According to a 2015 bird population trend study by Michelle Paleczny and colleagues at the University of British Columbia, in Canada, seabirds suffered a “70% community-level population decline between 1950 and 2010.” The largest declines appear among species that feed on deep-sea fish, severely reduced by industrial fishing fleets.
The famous and beloved albatross, closely related to the gannet and booby, provides a good example. Albatross have the longest wingspan on Earth, up to four metres. They live for decades, and one female Laysan albatross, banded in 1954, is still alive. Albatross rely on remote island breeding grounds and dive for squid, fish, and krill. These magnificent birds, however, have suffered substantial declines.
A 2017 study by Deborah Pardo and colleagues with the British Antarctic Survey Ecosystems Programme found that three major groups — the Wandering, Black-browed, and Grey-headed albatrosses — had declined by 40–60% in 35 years. Of the 22 known species, all appear on the International Union for Conservation of Nature (IUCN) Red List, 17 “Threatened with extinction.”

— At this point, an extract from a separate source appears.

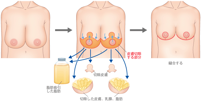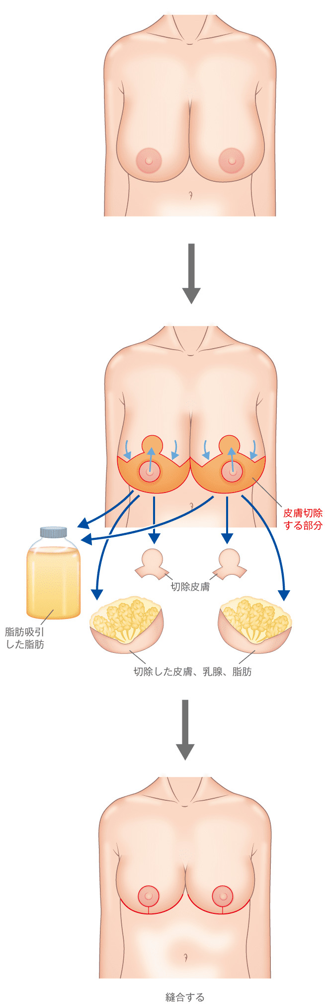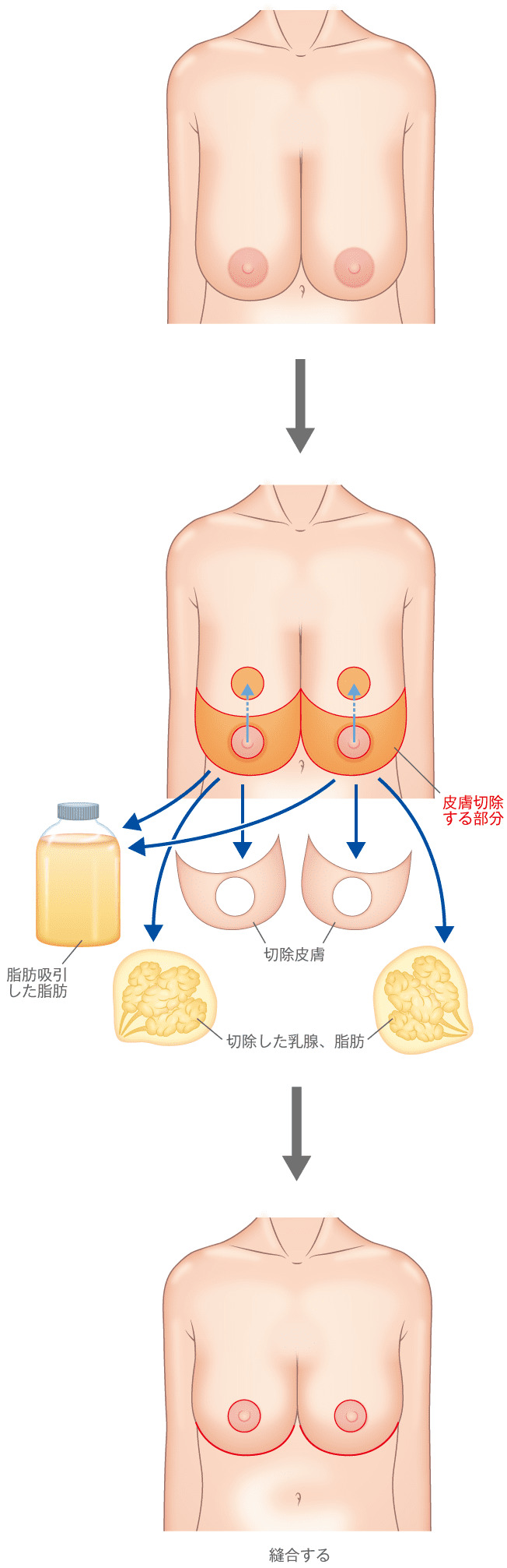 手術は、乳房の余分な皮膚のたるみと脂肪を取り除き、下がった乳腺を引き上げて固定します。

In the 19th century, albatross colonies were harvested for the fashion industry feather trade, leading to the near-extinction of some species. In 1909, over 300,000 albatrosses were killed on Midway and Laysan Islands alone. Thousands of albatross are killed colliding with tall military air traffic towers on Midway. Invasive species carried on ships — rats, mice, and cats — attack breeding colonies, taking chicks and eggs. Albatross chicks require five to nine months to fledge, and remain extremely vulnerable during that time.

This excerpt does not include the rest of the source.